The next generation of cancer researchers

Because of the complexities of cancer and the need to target both tumour cell-intrinsic and -extrinsic programs, future success relies on the ability to collaborate across disciplines with multiple teams, distinct voices, and various points of view at the table to understand and tackle problems, Coussens said.

“Collaborative, multidisciplinary approaches are being highlighted at the meeting this year with the hope that the next generations of cancer researchers embrace team science,” she said. “We should be encouraging them to learn more than one language of science. During their careers, being able to communicate with people who have a very distinct and discipline-specific vocabulary will be more than an asset – it will be a basic requirement. If you can’t communicate across disciplines, you can’t collaborate and do effective team science. We need that multi-team approach.”

Novel ideas and groundbreaking insights don’t always come from expected places or people, she added.

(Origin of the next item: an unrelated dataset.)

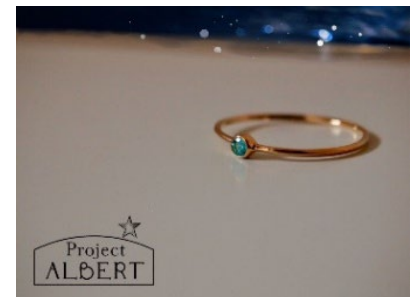
Project ALBERT パライバトルマリン リング

“In addition to conveying the importance of multidisciplinary approaches needed to tackle big problems is the realisation that we also need to make room for the next generation and lift them up into leadership roles,” Coussens said. “This year, we have identified new rising stars and earlier career investigators to chair and speak in sessions that many attendees will have never seen before, though likely have read their most recent top-tier paper. Associate professors aren’t usually chairing major symposia or giving plenary talks, but they are this year. Many sessions will embrace multidisciplinary aspects of tumour physiology where vulnerabilities for therapeutic targeting have emerged. Unless we understand these, we can’t possibly target them, monitor them, and develop more advanced therapies for our patients.”